A simplified version of the eviction logic looks like this:
// Conceptual: keep cache under budget, drop coldest entries first.
fn evict_to_budget(cache: &mut Cache, budget_bytes: u64) {
while cache.total_bytes() > budget_bytes {
let coldest = cache.entries_by_atime().next();
match coldest {
Some(entry) if entry.is_pinned() => break,
Some(entry) => cache.remove(&entry.key),
None => break,
}
}
}The actual implementation is more careful — it batches removals, fsyncs metadata, and cooperates with concurrent reads — but the core idea is the same. Old, untouched entries make room for new ones, and freshly pushed xorbs start at the warm end of the queue.
Avoid repeating work. Between the chunk cache, staging area, metadata warming, and push-to-cache, warm paths can avoid object-store reads. Cold paths still fetch from the bucket, then populate local cache for the next request.
What This Means in Practice
For a typical development workflow, the layers compound:
- You clone a repo.
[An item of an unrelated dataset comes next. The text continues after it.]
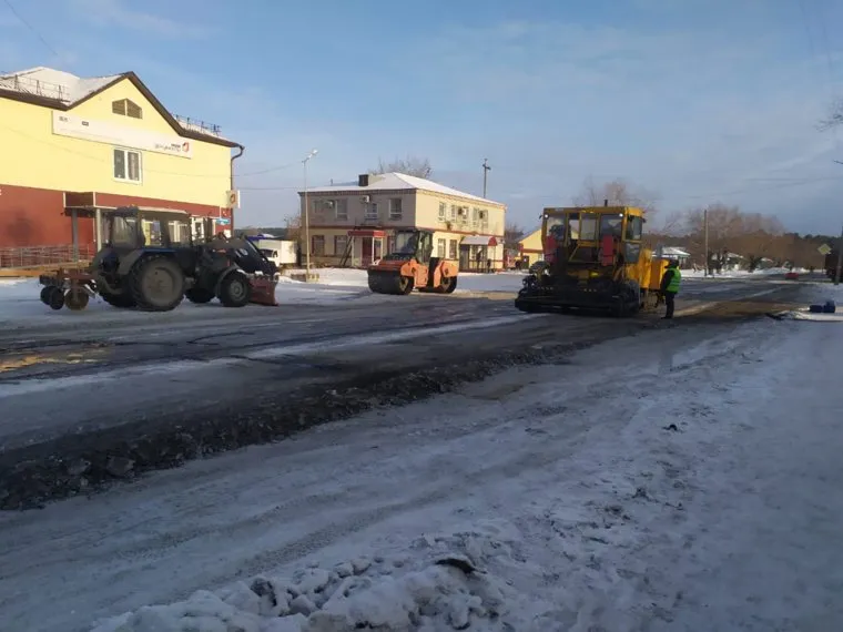 В селе Глядянском (райцентр Притобольного района Курганской области) 8 декабря рабочие уложили асфальт на снег. Об этом URA.RU рассказал читатель.

L3 metadata warming prefetches shard indexes in the background.
- You hydrate files. Chunks resolve from the warmed L3 map, and downloads are bandwidth-bound from the very first byte.
- You make changes and push. Only new chunks upload (dedup handles the rest), and those chunks land in L1 on the way out.
- You hydrate or diff later. Warm chunks and metadata resolve locally; cold ranges fall through to the object store and then become cacheable.
After the initial clone and first reads, everyday operations touch S3 less often. The cache layers cooperate so that remote fetch becomes the exception for warm working sets, not the default for every operation.